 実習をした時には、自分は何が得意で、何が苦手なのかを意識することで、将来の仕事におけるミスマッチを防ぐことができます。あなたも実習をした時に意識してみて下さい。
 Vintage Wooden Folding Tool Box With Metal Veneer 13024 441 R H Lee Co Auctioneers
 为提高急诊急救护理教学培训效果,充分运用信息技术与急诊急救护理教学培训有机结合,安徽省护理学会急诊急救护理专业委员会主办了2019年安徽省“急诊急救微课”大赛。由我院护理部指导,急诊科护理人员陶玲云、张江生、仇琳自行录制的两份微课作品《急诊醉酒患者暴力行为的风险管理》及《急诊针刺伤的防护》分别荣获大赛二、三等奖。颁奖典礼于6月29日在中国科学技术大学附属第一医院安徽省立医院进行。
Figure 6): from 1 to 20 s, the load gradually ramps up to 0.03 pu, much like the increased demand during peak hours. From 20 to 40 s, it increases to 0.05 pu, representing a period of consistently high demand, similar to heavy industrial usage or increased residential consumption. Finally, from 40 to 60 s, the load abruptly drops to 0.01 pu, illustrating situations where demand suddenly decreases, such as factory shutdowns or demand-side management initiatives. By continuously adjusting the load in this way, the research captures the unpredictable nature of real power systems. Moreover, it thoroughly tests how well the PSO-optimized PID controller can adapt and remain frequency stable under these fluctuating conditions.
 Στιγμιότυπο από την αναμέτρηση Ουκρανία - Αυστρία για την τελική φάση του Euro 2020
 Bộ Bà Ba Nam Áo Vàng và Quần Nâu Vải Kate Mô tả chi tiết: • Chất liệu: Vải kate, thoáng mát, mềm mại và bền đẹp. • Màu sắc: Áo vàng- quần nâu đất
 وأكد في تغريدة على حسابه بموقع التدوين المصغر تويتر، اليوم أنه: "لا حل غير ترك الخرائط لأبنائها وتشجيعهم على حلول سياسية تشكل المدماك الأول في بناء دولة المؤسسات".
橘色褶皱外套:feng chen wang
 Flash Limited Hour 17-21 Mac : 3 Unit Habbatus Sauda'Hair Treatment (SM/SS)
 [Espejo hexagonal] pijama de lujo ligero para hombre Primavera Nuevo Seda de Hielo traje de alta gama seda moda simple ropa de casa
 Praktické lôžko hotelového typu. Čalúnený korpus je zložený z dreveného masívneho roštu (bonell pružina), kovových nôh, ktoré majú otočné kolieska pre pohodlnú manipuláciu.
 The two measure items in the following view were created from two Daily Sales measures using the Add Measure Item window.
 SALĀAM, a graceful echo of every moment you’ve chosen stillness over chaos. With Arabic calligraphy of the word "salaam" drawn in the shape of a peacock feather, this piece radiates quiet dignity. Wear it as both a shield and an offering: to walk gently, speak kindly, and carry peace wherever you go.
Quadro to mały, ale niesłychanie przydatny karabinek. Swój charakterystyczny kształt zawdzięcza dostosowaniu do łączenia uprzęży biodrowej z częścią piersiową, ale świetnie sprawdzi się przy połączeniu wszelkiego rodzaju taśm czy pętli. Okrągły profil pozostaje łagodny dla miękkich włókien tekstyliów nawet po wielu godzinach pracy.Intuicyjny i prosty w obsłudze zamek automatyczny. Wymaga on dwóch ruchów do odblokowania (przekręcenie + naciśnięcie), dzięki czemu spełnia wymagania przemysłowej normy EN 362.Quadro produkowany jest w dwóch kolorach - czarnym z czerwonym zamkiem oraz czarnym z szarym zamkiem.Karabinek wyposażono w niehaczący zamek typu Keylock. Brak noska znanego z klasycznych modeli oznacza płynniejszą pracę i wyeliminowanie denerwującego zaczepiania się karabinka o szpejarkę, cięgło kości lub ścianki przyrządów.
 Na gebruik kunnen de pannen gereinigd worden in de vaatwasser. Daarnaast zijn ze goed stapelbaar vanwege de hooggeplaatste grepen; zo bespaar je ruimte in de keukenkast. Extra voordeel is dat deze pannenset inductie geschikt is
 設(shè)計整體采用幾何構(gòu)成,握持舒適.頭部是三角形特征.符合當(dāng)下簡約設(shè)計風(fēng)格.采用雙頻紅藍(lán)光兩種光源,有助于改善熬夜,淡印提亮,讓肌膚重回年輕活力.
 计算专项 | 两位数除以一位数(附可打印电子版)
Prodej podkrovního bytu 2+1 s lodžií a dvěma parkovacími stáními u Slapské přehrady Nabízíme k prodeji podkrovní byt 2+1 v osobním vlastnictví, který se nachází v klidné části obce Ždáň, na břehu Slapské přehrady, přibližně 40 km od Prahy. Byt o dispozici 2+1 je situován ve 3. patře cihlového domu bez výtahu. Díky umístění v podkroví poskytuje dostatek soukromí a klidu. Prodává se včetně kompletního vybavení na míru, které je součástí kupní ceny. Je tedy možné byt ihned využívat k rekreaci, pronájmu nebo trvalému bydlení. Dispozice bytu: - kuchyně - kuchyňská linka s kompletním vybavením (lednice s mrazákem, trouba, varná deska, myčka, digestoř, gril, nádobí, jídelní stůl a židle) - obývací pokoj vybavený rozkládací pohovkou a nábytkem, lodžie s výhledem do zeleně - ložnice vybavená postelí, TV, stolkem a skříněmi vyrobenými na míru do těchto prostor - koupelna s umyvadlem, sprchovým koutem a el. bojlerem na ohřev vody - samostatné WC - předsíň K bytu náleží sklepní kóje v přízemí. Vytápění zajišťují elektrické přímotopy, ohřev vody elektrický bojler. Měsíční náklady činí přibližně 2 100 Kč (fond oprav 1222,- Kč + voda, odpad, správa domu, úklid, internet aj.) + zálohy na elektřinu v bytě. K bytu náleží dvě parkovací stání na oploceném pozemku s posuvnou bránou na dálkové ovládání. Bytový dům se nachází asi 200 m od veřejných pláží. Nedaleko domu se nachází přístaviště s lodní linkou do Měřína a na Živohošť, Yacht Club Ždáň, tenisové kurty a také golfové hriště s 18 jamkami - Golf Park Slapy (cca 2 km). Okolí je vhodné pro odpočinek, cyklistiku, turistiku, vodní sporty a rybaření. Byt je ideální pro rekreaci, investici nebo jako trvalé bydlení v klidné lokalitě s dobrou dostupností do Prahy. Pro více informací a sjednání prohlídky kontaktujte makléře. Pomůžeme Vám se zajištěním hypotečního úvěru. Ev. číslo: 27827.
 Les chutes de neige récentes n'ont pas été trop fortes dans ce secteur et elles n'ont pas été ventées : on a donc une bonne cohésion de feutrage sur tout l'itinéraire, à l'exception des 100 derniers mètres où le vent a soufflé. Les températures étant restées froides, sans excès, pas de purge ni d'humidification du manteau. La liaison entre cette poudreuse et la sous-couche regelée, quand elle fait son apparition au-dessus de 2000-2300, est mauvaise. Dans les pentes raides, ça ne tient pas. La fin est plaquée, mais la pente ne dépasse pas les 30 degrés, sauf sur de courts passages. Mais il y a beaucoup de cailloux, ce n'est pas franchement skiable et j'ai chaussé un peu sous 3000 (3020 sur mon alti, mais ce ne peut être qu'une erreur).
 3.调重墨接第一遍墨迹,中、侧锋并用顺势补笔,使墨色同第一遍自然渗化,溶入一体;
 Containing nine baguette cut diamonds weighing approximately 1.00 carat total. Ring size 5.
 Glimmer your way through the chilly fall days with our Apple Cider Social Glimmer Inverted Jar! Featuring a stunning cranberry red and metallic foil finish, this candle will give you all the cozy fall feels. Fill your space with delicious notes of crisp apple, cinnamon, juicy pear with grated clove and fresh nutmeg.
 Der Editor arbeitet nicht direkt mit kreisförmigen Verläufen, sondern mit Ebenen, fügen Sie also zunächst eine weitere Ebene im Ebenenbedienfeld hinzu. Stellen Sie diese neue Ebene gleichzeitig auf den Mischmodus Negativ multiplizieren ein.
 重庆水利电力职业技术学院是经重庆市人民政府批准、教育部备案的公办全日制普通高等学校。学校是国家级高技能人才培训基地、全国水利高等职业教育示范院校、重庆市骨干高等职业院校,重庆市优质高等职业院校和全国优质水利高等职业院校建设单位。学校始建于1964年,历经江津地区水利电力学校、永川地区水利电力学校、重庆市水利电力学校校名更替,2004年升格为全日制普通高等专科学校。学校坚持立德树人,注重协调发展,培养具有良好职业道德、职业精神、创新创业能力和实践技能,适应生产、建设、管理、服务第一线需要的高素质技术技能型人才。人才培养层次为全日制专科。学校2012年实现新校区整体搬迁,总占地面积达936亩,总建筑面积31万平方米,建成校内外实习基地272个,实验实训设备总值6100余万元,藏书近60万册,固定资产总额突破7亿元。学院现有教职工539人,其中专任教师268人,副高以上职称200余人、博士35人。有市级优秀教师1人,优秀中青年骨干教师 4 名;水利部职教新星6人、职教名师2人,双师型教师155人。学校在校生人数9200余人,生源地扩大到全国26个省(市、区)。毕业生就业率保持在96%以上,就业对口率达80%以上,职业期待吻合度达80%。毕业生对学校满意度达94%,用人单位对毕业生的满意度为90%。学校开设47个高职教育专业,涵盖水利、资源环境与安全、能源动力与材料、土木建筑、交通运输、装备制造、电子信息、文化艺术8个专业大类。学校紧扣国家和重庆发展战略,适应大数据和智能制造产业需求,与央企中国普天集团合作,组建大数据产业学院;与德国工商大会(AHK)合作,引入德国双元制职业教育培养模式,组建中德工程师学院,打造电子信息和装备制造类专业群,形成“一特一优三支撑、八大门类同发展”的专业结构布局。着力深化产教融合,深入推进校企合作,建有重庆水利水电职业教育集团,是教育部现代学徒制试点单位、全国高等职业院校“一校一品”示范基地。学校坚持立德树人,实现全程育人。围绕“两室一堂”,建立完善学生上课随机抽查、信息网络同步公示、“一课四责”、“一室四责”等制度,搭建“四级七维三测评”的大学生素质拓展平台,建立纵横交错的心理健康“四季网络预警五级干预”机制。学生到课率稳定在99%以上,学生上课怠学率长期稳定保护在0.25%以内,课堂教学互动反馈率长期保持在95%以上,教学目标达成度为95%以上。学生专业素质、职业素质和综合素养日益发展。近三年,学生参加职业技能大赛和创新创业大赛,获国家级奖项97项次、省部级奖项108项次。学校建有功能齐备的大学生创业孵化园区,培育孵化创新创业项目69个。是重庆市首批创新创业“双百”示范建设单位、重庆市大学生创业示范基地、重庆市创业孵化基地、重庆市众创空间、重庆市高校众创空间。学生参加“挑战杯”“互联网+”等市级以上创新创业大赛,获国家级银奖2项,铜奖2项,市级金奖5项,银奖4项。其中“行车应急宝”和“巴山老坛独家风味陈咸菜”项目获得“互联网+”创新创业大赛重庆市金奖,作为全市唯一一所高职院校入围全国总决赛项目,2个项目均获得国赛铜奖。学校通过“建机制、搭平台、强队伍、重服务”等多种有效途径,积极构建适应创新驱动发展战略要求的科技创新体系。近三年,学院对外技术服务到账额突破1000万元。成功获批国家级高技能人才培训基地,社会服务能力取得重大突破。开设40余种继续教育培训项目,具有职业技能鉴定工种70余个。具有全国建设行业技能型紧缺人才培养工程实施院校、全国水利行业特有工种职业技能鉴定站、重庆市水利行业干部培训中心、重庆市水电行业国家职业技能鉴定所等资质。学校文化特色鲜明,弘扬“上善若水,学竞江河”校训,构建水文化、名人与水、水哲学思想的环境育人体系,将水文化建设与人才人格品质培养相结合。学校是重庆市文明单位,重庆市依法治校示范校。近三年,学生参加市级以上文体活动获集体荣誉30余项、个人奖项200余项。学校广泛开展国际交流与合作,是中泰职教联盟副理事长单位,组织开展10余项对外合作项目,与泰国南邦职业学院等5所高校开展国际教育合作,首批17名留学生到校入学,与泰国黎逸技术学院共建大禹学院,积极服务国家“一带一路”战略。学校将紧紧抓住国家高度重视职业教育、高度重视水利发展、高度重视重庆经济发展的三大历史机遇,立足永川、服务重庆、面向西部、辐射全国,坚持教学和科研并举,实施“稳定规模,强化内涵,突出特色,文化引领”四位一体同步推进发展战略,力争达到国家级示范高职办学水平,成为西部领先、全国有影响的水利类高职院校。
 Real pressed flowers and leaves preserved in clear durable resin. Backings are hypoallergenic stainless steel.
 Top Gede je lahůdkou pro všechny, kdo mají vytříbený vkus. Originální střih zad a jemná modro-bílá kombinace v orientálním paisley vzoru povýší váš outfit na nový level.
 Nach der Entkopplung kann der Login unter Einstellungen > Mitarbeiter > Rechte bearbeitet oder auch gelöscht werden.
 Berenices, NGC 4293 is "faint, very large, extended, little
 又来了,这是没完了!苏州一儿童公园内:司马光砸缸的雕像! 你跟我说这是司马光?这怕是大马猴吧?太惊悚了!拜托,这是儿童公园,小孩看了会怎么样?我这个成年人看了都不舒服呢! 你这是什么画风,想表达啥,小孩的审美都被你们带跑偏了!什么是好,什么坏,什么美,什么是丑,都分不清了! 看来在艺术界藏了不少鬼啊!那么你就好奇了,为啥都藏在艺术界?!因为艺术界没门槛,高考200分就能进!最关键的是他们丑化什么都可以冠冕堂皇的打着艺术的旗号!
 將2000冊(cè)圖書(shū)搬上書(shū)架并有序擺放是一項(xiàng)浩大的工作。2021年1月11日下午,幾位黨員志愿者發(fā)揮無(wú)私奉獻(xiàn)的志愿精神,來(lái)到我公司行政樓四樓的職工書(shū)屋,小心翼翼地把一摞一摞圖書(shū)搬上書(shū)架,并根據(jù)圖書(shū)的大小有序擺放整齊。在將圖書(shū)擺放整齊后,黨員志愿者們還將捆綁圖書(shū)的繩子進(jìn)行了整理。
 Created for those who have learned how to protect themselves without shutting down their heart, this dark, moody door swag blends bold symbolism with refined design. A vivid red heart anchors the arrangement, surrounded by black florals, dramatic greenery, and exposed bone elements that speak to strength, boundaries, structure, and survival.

** Problem statement **
Where a line of the entries above holds the word "speak", return that line.

** Result below **
 SALĀAM, a graceful echo of every moment you’ve chosen stillness over chaos. With Arabic calligraphy of the word "salaam" drawn in the shape of a peacock feather, this piece radiates quiet dignity. Wear it as both a shield and an offering: to walk gently, speak kindly, and carry peace wherever you go.
 Created for those who have learned how to protect themselves without shutting down their heart, this dark, moody door swag blends bold symbolism with refined design. A vivid red heart anchors the arrangement, surrounded by black florals, dramatic greenery, and exposed bone elements that speak to strength, boundaries, structure, and survival.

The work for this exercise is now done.